Parks

Parks protect open space, wildlife, and habitat, reserving land for conservation and recreational use, and offering solace from the stresses of “modern” life for all members of our society regardless of socio-economic status.

On the Western shore of Richmond lies Point Molate, a gem of open space. SPRAWLDEF is fighting along with the Richmond community to save this land as a park with its hills filled with wildlife including hawks and cougars, open space for future sports fields, and other recreational opportunities. SPRAWLDEF has funded lawsuits to stop the back room deals that Mayor Tom Butt  has tried to engineer to allow for massive luxury housing development at the site. The site should be a regional park and is in the East Bay Regional Park District’s master plan for a park.

A view of Pt. Molate

SPRAWLDEF’s lead attorney Norman La Force is fighting for Pt. Molate in coalition with the Sierra Club, Citizens for East Shore Parks (CESP), the Native Plant Society, and Friends of Molate Park, among others. For details, see Legal Defense Fund.

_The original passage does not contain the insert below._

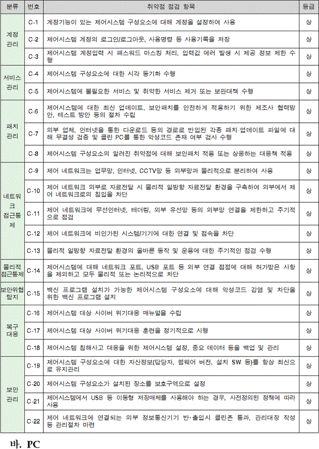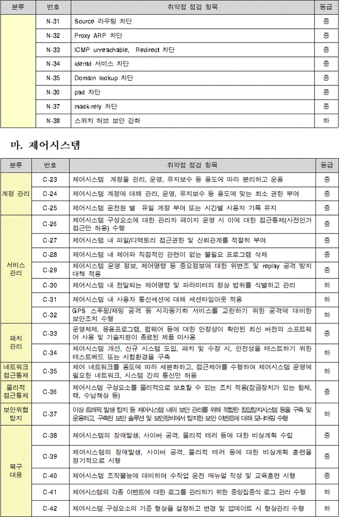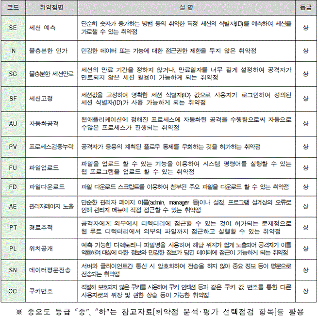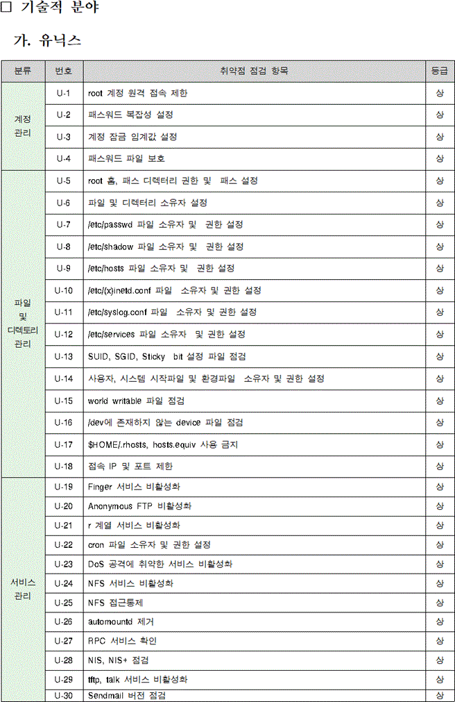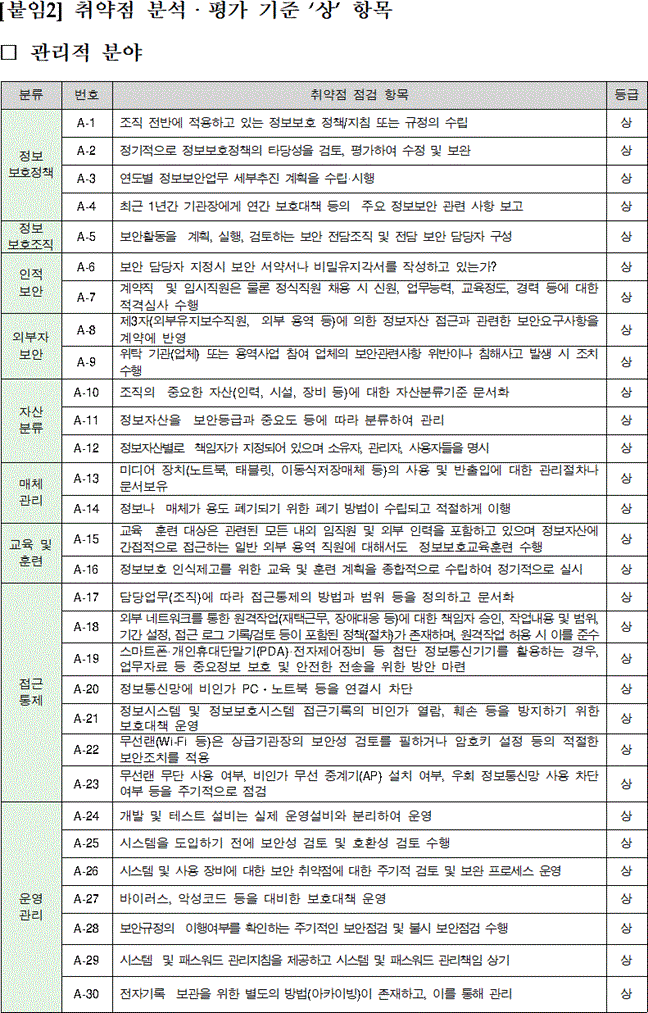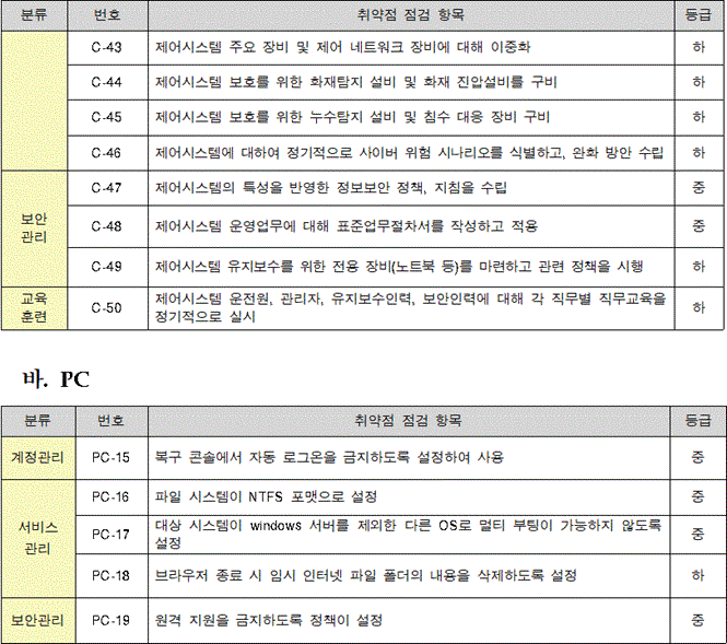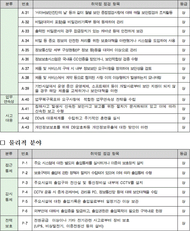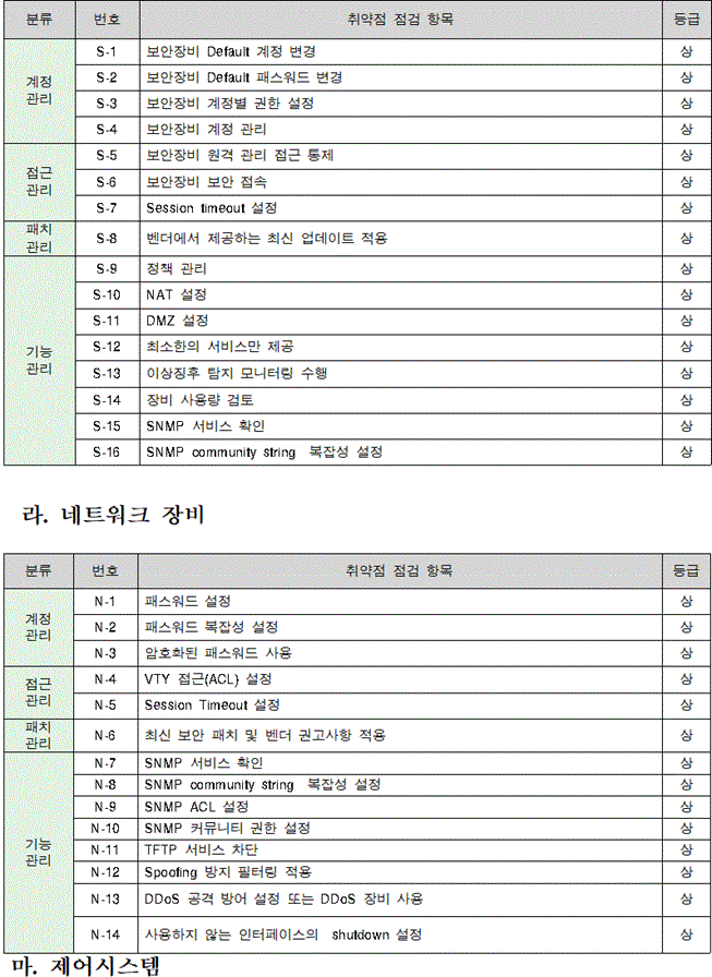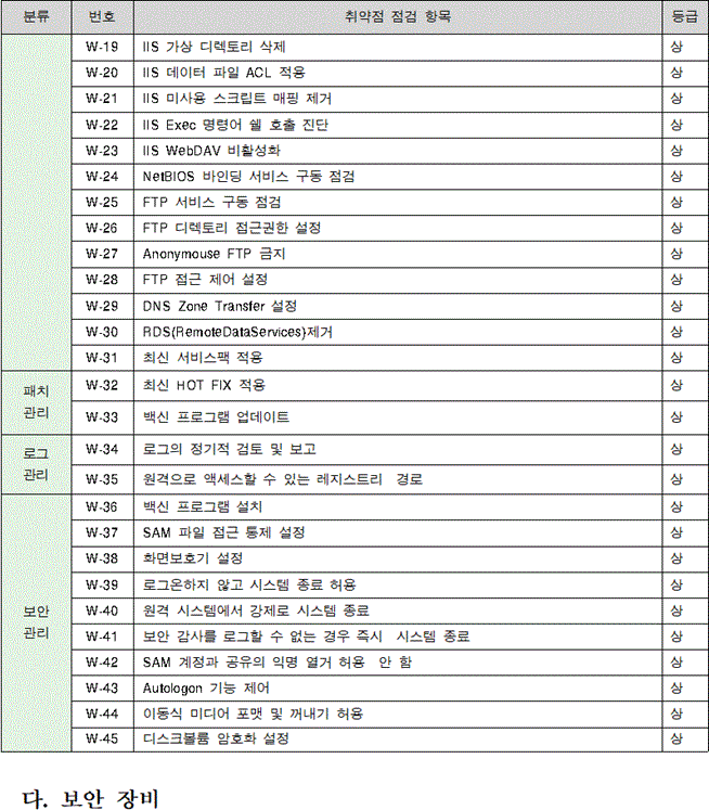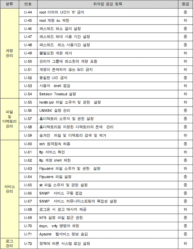 3. 취약점 분석·평가 기준 '중', '하' 항목

A second campaign in which SPRAWLDEF is playing a role is a critical long-term effort to reduce the fire risk in the Oakland/Berkeley hills by abatement of eucalyptus and other highly flammable non-native species on the regional park interface with residential areas. SPRAWLDEF advocated and with the Sierra Club created the 3R’s for reducing fire risk in the Wildland Urban Interface (WUI)

The 3R’s are phased Removal of blue gum eucalyptus and other non-native fire fire dangerous trees and plans; Restore the native Oak-Bay woodland and grasslands which pose a reduced risk of fire, and thereby Re-Establish the prior native diversity in wildlife and habitat and endangered species.  This will substantial lower the fire risk and cost far less to maintain.  See the 3Rs Info Sheet.

SPRAWLDEF took on FEMA when it proposed granting FEMA Funds for vegetation management that simply thinned the blue gum eucalyptus plantations  which would not reduce the fire risk and which would be far more costly for the affected public agencies like the East Bay Regional Park District and the Cities of Berkeley, Oakland, El Cerrito, and Richmond.